Former White House aide I. Lewis ‘Scooter’ Libby, right, is escorted to a waiting vehicle with his attorney, Theodore Well, left, outside federal Court in Washington, Thursday, June 14, 2007. ABC News reported Thursday that President Donald Trump is expected to pardon Libby, who was convicted for obstruction of justice and perjury in the disclosure of a CIA agent’s name (PABLO MARTINEZ MONSIVAIS / Associated Press)
By Josh Dawsey and Philip Rucker Washington Post

WASHINGTON – President Donald Trump is expected to pardon Lewis “Scooter” Libby, according to a senior administration official, giving an olive branch to a George W. Bush administration staffer that the former president himself declined to grant.

It is unclear why Trump is making the move, but the pardon has been under consideration for several months, two people familiar with the president’s thinking said. Trump has often privately expressed a willingness to pardon Libby, who was convicted for obstruction of justice and perjury in the disclosure of a CIA agent’s name.

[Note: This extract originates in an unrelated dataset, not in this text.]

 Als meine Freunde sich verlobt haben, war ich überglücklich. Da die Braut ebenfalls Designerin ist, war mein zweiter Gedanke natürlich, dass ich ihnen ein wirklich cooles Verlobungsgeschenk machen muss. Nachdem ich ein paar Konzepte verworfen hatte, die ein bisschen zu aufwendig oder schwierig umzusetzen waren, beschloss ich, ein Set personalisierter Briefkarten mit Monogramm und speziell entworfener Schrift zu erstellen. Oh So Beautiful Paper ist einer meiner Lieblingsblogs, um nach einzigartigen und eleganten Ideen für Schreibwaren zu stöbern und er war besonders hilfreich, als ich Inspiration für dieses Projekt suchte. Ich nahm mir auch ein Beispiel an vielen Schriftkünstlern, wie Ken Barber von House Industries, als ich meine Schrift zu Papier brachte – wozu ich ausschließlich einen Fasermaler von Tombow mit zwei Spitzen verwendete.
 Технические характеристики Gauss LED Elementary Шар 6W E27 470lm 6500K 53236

Trump could always change his mind, the senior administration official said. The timing of the pardon is unclear.

The news was first reported by ABC News.

Libby was the chief of staff to Vice President Richard Cheney and a controversial figure in the Bush administration.

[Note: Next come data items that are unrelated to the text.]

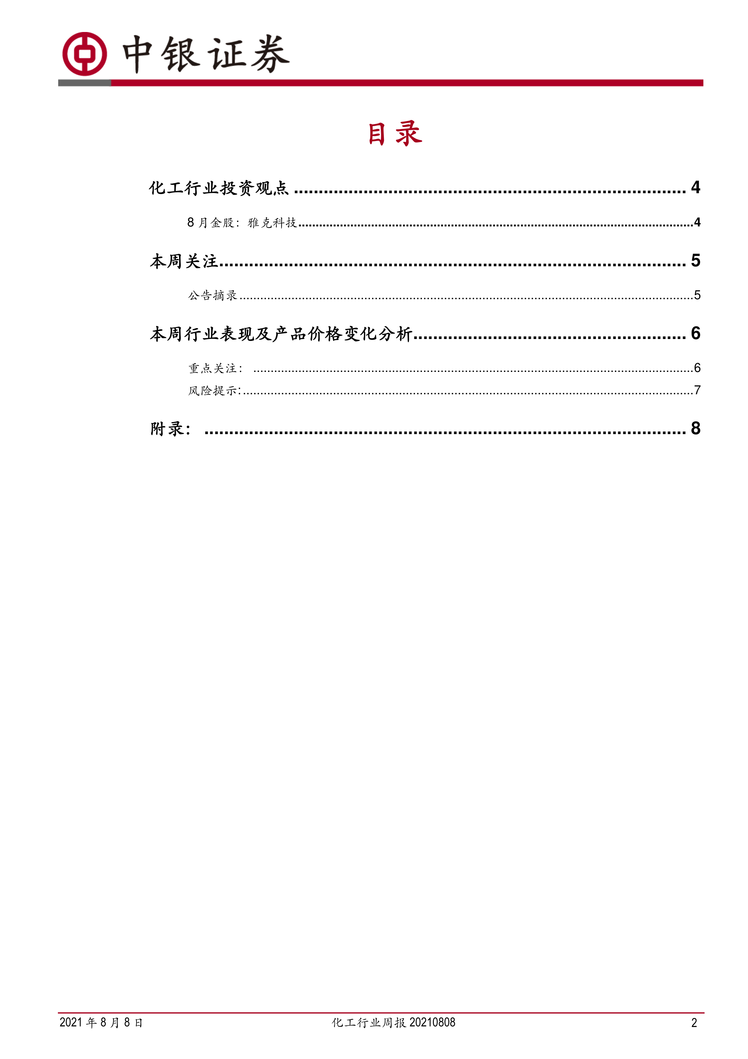 本报告对2021年8月8日一周的化工行业进行了全面分析,指出化工行业周期性波动加剧,细分产品价格差异显著,部分成长性子行业展现出强劲增长潜力。中报披露期临近,行业龙头企业有望超预期。报告还提供了具体的投资建议和个股推荐,并对行业动态和上市公司公告进行了总结。 然而,报告也提示了地缘政治因素变化和全球疫情形势变化可能带来的风险。 投资者需谨慎参考报告内容,并结合自身情况进行独立判断。
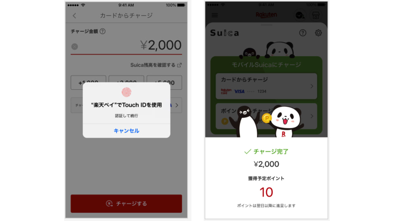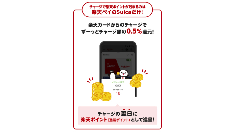 楽天ペイにモバイルSuicaを登録し、楽天カードからチャージすると、チャージ額の0.5%が楽天ポイントとして還元されます。楽天ポイントは、チャージした翌日に、通常ポイントとして進呈されます。
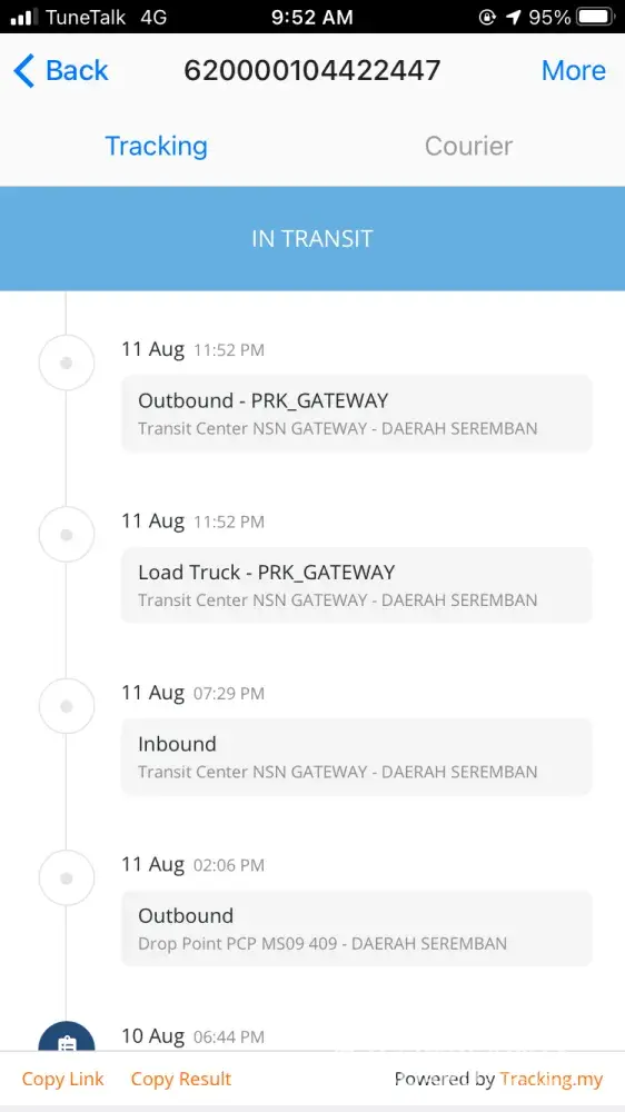 the parcel is from sarawak tu selangor from 2/8/2021.Tracking No. is [protected]. The tracking shows that it is at Transit Center SGR Gateway Kuala selangor since 6/8/2021.
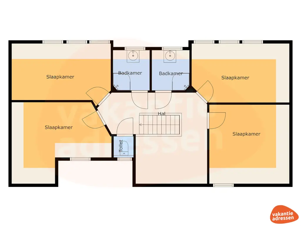 Insgesamt gibt es acht Schlafzimmer in dieser Ferienadresse. Die vier Doppelzimmer im Erdgeschoss sind alle mit einem eigenen Badezimmer mit Dusche, Toilette und Waschbecken ausgestattet. Im Obergeschoss befinden sich vier geräumige Zimmer, die für 2 bis 3 Personen geeignet sind. Auch hier gibt es genügend zentral gelegene sanitäre Einrichtungen, so dass Sie abends und morgens nicht aufeinander warten müssen. Es sind 2 Kinderbetten vorhanden, für die ein Aufpreis erhoben wird.
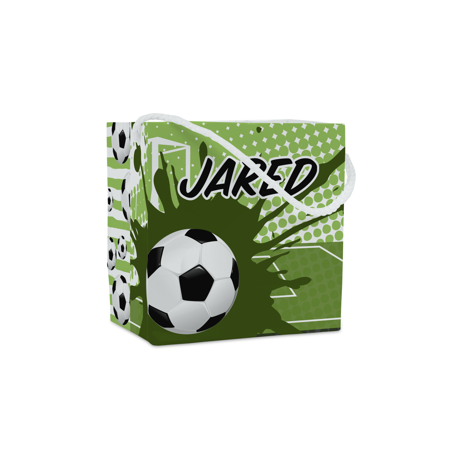 These party favor bags are approx. 5.25" tall x 5.25" wide and 3" deep. They are perfectly sized for party favors such as customized ornaments, specialty chocolates or cookies, etc. The bags will also fit multiple small favors.
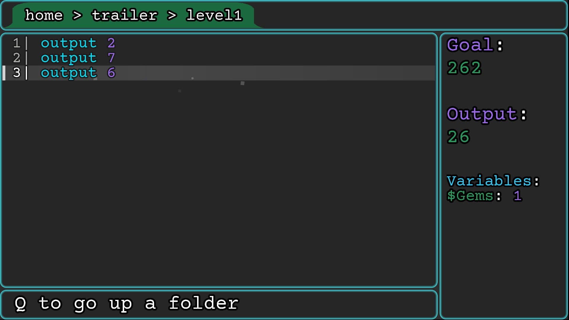 A programming puzzle game where bugs are eating away your code! One problem: YOU CAN'T TYPE. Navigate and run pre-existing lines of code to make your output match the goal!
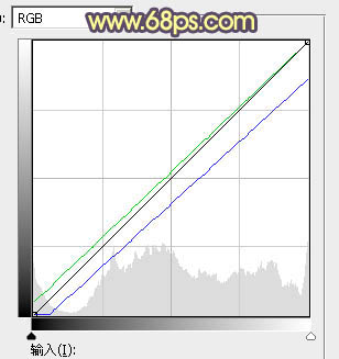 8、创建曲线调整图层,对RGB及蓝色通道进行调整,参数及效果如下图。这一步把图片暗部颜色稍微加深。
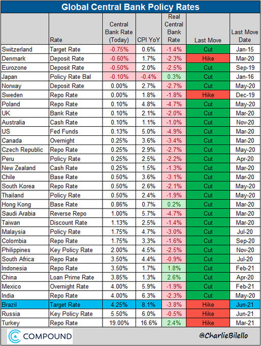 巴西央行年内迄今的加息幅度已经超过了包括土耳其和俄罗斯在内的其他新兴市场央行。

Bush, whom Trump often derides in caustic terms, could not be convinced to pardon Libby. He was lobbied aggressively by Cheney, and his refusal was said to have caused a strain in the relationship between the two men.

Trump, who often rails against disclosures to the news media but was a longtime anonymous source himself, appears to have chosen to forgive Libby for his role in the disclosure of CIA Agent Valerie Plame’s idenitfication.

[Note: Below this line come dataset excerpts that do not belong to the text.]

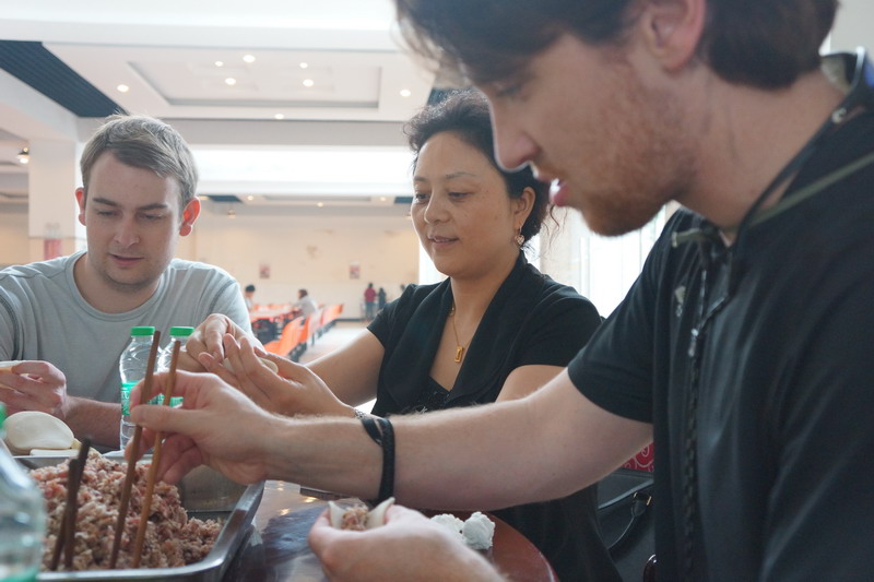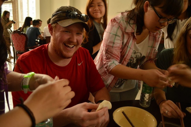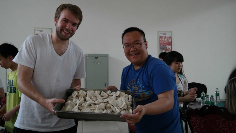 5月17日,来自美国阿拉巴马大学的13位大学生抵达我校,正式开始他们为期一个多月的汉语学习和中国文化体验活动。这13位同学分别来自工业工程、化学工程、金融学、会计学、营养学、运动科学等不同专业,但都对汉语和中国文化深感兴趣,因此利用美国暑期时间前来我校学习汉语,与我校学生开展文化交流活动,走近并体验中国本土生活,从而提升汉语水平,亲身接触并了解当今的中国文化与社会。 5月17日下午5:30,我校学子与美国阿拉巴马大学来访学生团相聚学生第四食堂,开展了具有中国传统文化特色的“包饺子”活动。本次活动由国际合作与交流处主办、人文学院承办。当天下午,学校为该学生团的来访举行了隆重的欢迎仪式。学校教职工接待家庭教师及子女、校国际合作与交流处负责老师、人文学院辅导员晏乔和来自各学院的8名学生英语志愿者参加了本次活动。 通过示范,来访团的同学们很快领略到了包饺子的方法,个个跃跃欲试,饶有兴致地动起手来。在同学们的帮助下,他们细心地将肉馅放入饺子皮中,蘸水、对折、拿折儿、压实。虽然是第一次包饺子,但他们做出的饺子有模有样,不仅有形状规整的饺子,还有充分发挥想象力“创作”出来形态各异的饺子,如“飞碟”、“草帽”、“花朵”、“鱼”等,这些饺子引得大家开怀大笑,整个过程气氛融洽,欢声笑语不断。 很快,一盘盘的饺子制作完毕。在大家等饺子出锅的间隙,来自2013级汉语国际教育的两名同学为大家带来了传统民乐表演,分别表演了《茉莉花》和《青春舞曲》两首歌曲。笛声刚落,热腾腾的饺子端上桌来。美国友人纷纷拿起筷子品尝,传统中国风味给他们带来了不一样的味觉感受,自己亲身经历了制作过程后的美味更是让他们印象深刻。
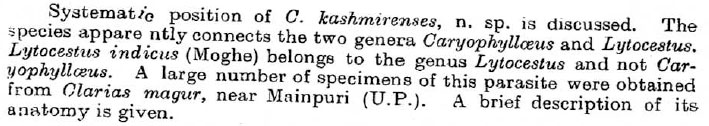 Mehra, H.R.. 1930. On a new species of Caryophyllaeus O. F. Müller from Kashmir with remarks on Lytocestus indicus (Moghe) 1925. In , , 247 pp.
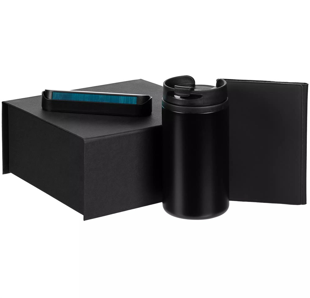 - Материалкоробка - переплетный картон; термостакан - пластик, нержавеющая сталь; визитка - пластик; обложка для автодокументов - искусственная кожа

Libby was convicted of making false statements, perjury and obstruction of justice in the 2007 investigation of Plame, a former covert CIA agent and the wife of former ambassador Joseph Wilson IV.

Libby was sentenced to 30 months in prison and fined $250,000, but his sentence was commuted by Bush. Though spared jail time, Libby was not pardoned.

The chief federal prosecutor in Libby’s case was Patrick Fitzgerald, then the U.S. attorney from the Northern District of Illinois. Fitzgerald is a longtime friend and colleague of James Comey, the fired FBI director whose new memoir paints a scathing portrait of Trump’s character and conduct in office.

Trump has rarely used his presidential power to pardon, but last August granted clemency to Joe Arpaio, a controversial Arizona sheriff who had been a longtime Trump ally and campaign-trail companion.

Arpaio was found in contempt of court for defying a federal judge’s order to stop detaining people simply because he suspected them for being undocumented immigrants. In addition to racial profiling, Arpaio was long criticized for what many in the community decried as inhumane prisons in Maricopa County, which includes Phoenix.

Trump and Arpaio’s political alliance dates to the “birther” movement earlier this decade. Both men were outspoken leaders of the campaign to undermine President Barack Obama by spreading the lie that he was born outside the United States when in fact he was born in Hawaii.

John Dowd, a former Trump lawyer, floated pardons to former campaign manager Paul Manafort and former national security adviser Michael Flynn, The Post has reported. Manafort has since been charged with more than a dozen offenses, while Flynn has pleaded guilty to lying to the FBI.